SOCIÉTÉ JERSIAISE

 

HISTORY SECTION

www.societe-jersiaise.org/history

 

Minutes of the meeting held on Tuesday April 19th 2005 at 5.15pm, Members’ Room

 

            Members present :

Frank Falle (Chairman), Jean Arthur, Marie-Louise Backhurst, Don Bell, Mary Billot (Secretary), Mervyn Billot, Gavin Booth, Bertram Brée, Francis & Anne Corbet, Gerry France, Douglas Hooke, Nicolas Jouault, Sally Knight, Suzanne Le Feuvre, Georgia Le Maistre, Bob Le Sueur, David Levitt, Will Millow, Winston Pinel, Wendy Tilling  (new member).

 

 

1.         Apologies for absence :

Yvonne Aston, Jean Bell, Guy Dixon, Mary Gibb, Sue Groves, Sue Hardy, Tertius Hutt, Sarah Jordan, Frank Le Blancq, David Le Maistre, Ian Machin, Bill Tower.

 

 

2.         Minutes of the meeting of February 15th 2005 and amendments

4.2        Jean Arthur emphasised that her offer to give an Autumn lunchtime lecture was only provisional as it depends on the amount of the information that she might receive from Newfoundland.

5.10      Winston Churchill visited Jersey on August 29th 1913 for four hours, as First Lord of the Admiralty. Frank Falle had found news pictures of him playing a round of golf. The almanacs recorded the event on August 30th (next day’s newspaper headlines).

5.12      Marie-Louise Backhurst (urban and medical history).

            The minutes were then approved as a correct record.

 

 

3.         Matters arising from the minutes not covered by the agenda

5.2        Bob Le Sueur asked about an improved sign for the grille from Gloucester Street prison chapel. Suzanne Le Feuvre reported on an exchange of e-mails with Peter Noble (St Helier Town Hall).
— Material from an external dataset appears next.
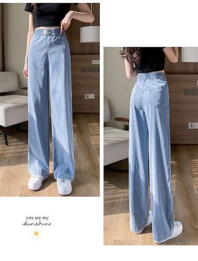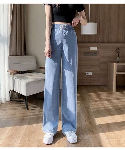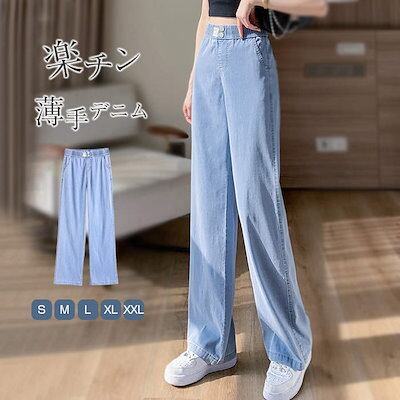 2024新作 パンツ レディース デニム ワイドパンツ 夏 接触冷感 ひんやり ボトムス 長ズボン ガウチョパンツ スカーチョ 紫外線対策 薄手 ウエストゴム 体型カバー 春 無地 着痩せ 美脚 通勤
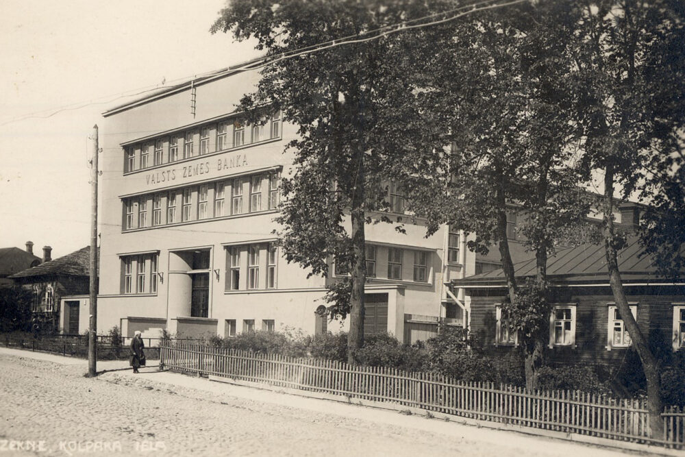 Suokumā bankys filiale atsaroda īreituos telpuos Latgolys prospektā 28, bet 1927. godā īstuodis darbinīki puorsacēle iz nomu Atbreivuošonys alejā 10 (myusu dīnuos Galdnīku īla 8, veikala “Rimi” atsarasšonys vīta). Bankys nūdaļai pasaplašynojūt, vaira napītyka ar asūšom telpom Atbreivuošonys alejā 10 i papyldu tam tyka īreitys telpys Kalpaka īlā 10. Vys arviņ beja aktuals vaicuojums par pīmāruotuokys telpys izbyuvi, kas spātu nūdrūsynuot pylnvierteigu turpmuokuos bankys dorbu. 1930. goda beiguos bankai izadeve dabuot zemis gobolu Kalpaka īlā 18. Jaunceļamuo noma metu konkursā par lobuokū tyka atzeits J. Blaua dorbs. Storp juo projekteitom ceļtnem beja ari latvīšu bīdreibys noms Līpuojā (1934. g.).

The Town Church railings are to be repainted black with gold finials in the next parish financial year and the plaque will be improved at the same time.  She circulated photographs.  [See official minutes for e-mails and photos].

            Francis Corbet said that there was a complete division down the prison chapel with the grille and obscure glass. The special granite slabing in Hill St and Mulcaster St remained consecrated ground and parish property after the road widening. The churchyard was landscaped in the 1920s; gravestones and human remains were dug up. Some stones were used for paving; others went to landfill; Leslie Sinel was Church Warden at the time. Jean Le Capelain designed the black railings. Georgia Le Maistre said that the Le Capelain plaque has been repositioned on the correct States building (his studio on the site of No.1 Hill St).

5.13      Nick Jouault said that the Mandarin visitor from the Chinese junk (London, 1848) was mentioned in a BBC2 series last week (Days that shook the world).